Raincoats can be bought on the spot, and be delivered within two or three days, or purchased later on the site that the QR code summons on a smartphone. Customizations are possible with a six-week turnaround.

The partners consider the Copenhagen unit a test, but their aim is to roll out compact stores to more cities, lauding the lower rental costs and other efficiencies. In Copenhagen, the tiny storefront joins a district full of galleries and antique shops.

Given that compact stores require lower capital expenditure, and offer slightly higher margins, Helle said he could envision from five to 20 more, with the next one likely to sprout in London, where the company once operated a full-size pop-up in Piccadilly.

Several other brands that market more technical clothing recently unveiled plans to open smaller-format stores.

Canadian outdoor label Arc’teryx disclosed plans to open smaller, Icon stores in the U.S. this fall. The first opened in Walnut Creek, Calif., and three others are to debut in New York City, as well as two in San Francisco before the end of the year.

Nike, meanwhile, said it will open between 150 and 200 new “small footprint, digitally enabled monobrand stores in North America and EMEA [Europe, the Middle East and Africa].”

On the designer end, Comme des Garçons has been a pioneer with its freestanding Pocket stores, the first of which opened in Paris in 2008, mainly stocking the Japanese firm’s Play, Wallets and Parfum collections.

Adrian Joffe, president of Comme des Garçons International, has likened the concept to a convenience store. There are 25 in the world, including six in Japan, all roughly 20 square meters in size.

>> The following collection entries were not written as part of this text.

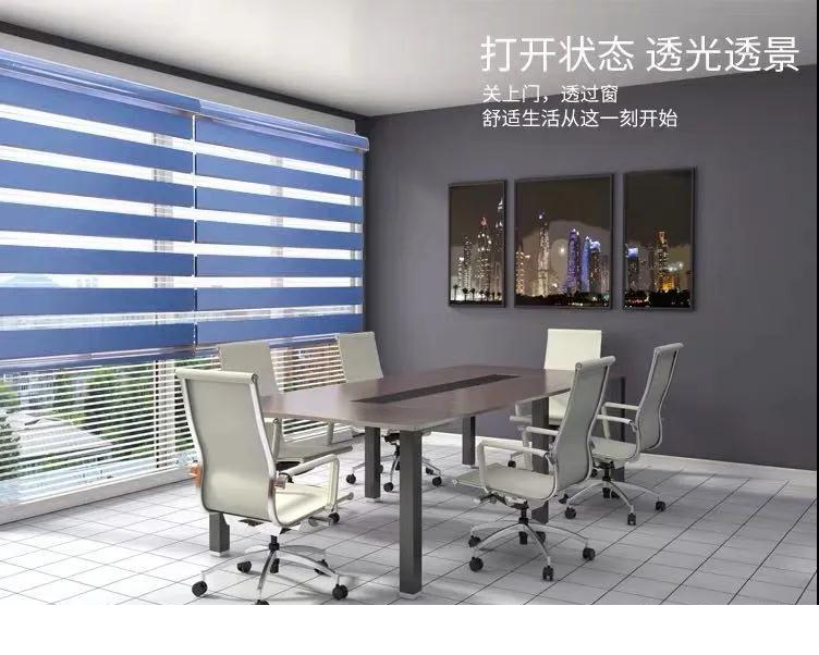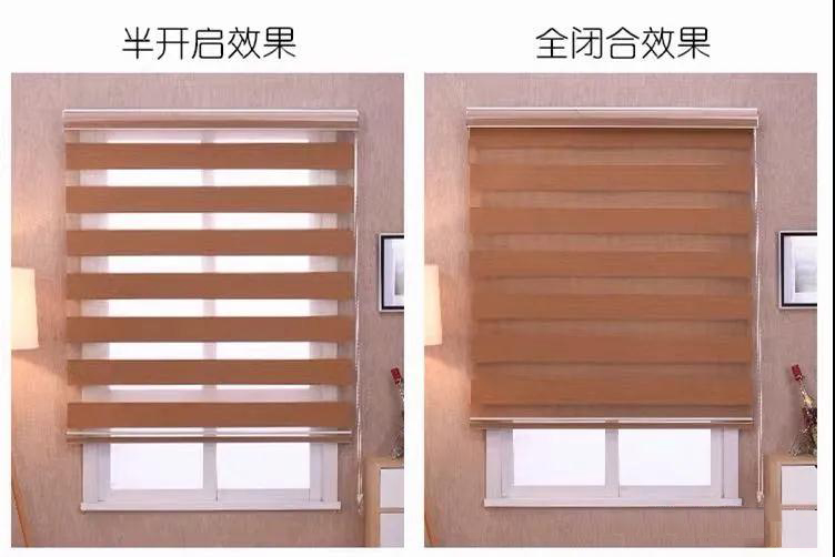 斑馬簾和百葉簾調節光線的效果和方式都錯不多的。和百葉簾不同的是斑馬簾是雙層設置,當紗布和紗布重合時光線比較柔和,一定程度上減少光的直射。當簾布和簾布錯開時,光線完全遮住,從而最終達到遮擋光線的目的。需要完全打開窗簾時,窗簾完全卷起即可。
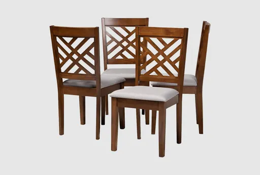 Enhance your dining experience with the Caroline Grey Fabric Upholstered and Walnut Brown Finished Wood Dining Chair Set. These modern chairs feature a stylish combination of grey fabric and walnut brown wood, providing a neutral and timeless look suitable for any dining room. Crafted from fabric, foam, and oak wood, this set of four chairs offers comfort and durability for everyday use.
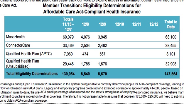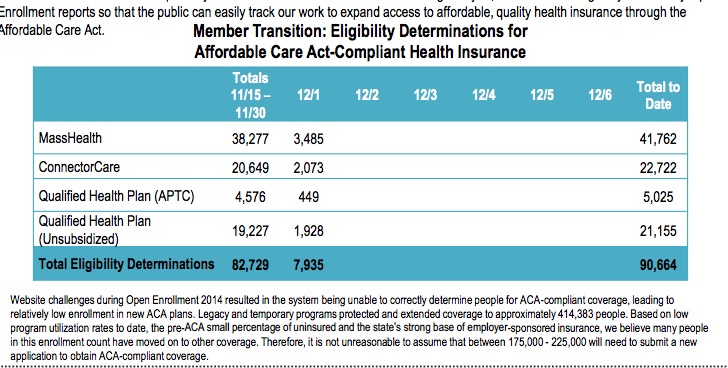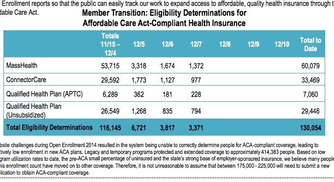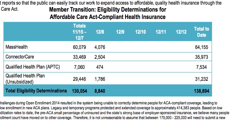 First, we have today's daily MA Health Connector Dashboard report, which states that there have been 148,453 QHP determinations thorugh yesterday (12/29). Assuming 50% of these have selected plans, that's around 74,200 QHP selections to date. In addition, the 134,803 Medicaid (MassHealth) enrollments are already locked in.
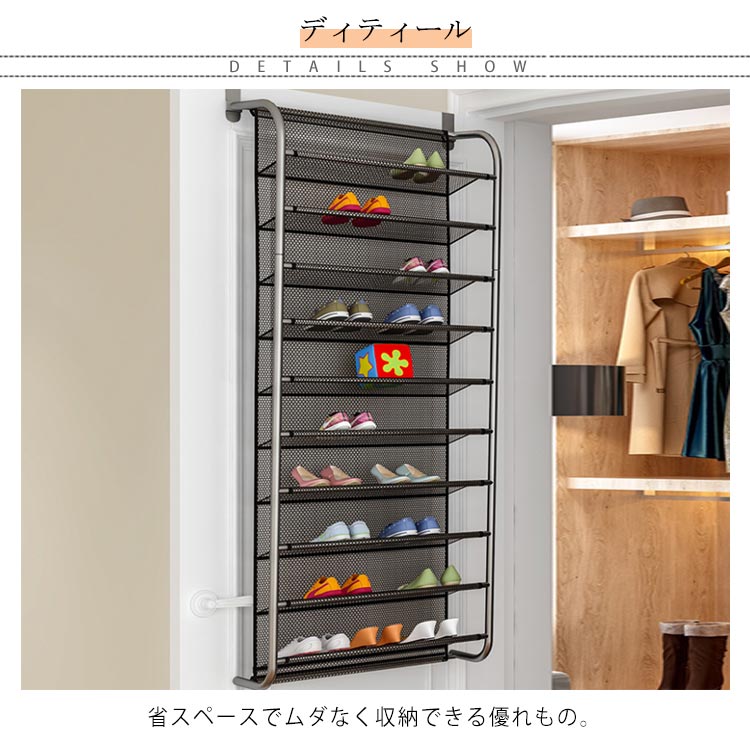 シューズラック 省スペース スリム 大容量 10段 シューズラック 扉裏 引っ掛け 靴 収納 シューズ ラック メッシュ 扉 ドア おしゃれ 下駄箱 シューズボックス 靴箱 省スペース 薄型
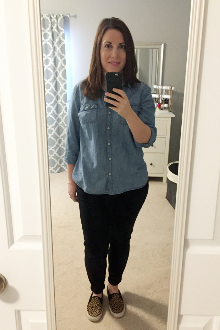 chambray shirt | black jeans | leopard sneakers (old Gap, but these are similar)

A Comme des Garçons “Pocket” store in Amsterdam. DIM BALSEM

The nascent trend to smaller stores seems to coexist with the other extreme of ever-larger formats: Fast-fashion chains Zara and H&M, for example, have each closed several locations in Paris while planting new megastores, according to Antoine Salmon, a partner and head of retail at Knight Frank France.

Marking its 10th year in business, Norwegian Rain distributes its coats to about 110 wholesale doors in 18 cities, with business concentrated in Japan, Korea and Western Europe.

While 20 percent of its business is done online, Helle and T-Michael are also staunch believers in physical retail, including flagships.

Finding diminutive real estate is a challenge, they acknowledged, with the advent of globalization and chain stores carving out bigger and bigger spaces, and gobbling up smaller spaces suited to niche retailers.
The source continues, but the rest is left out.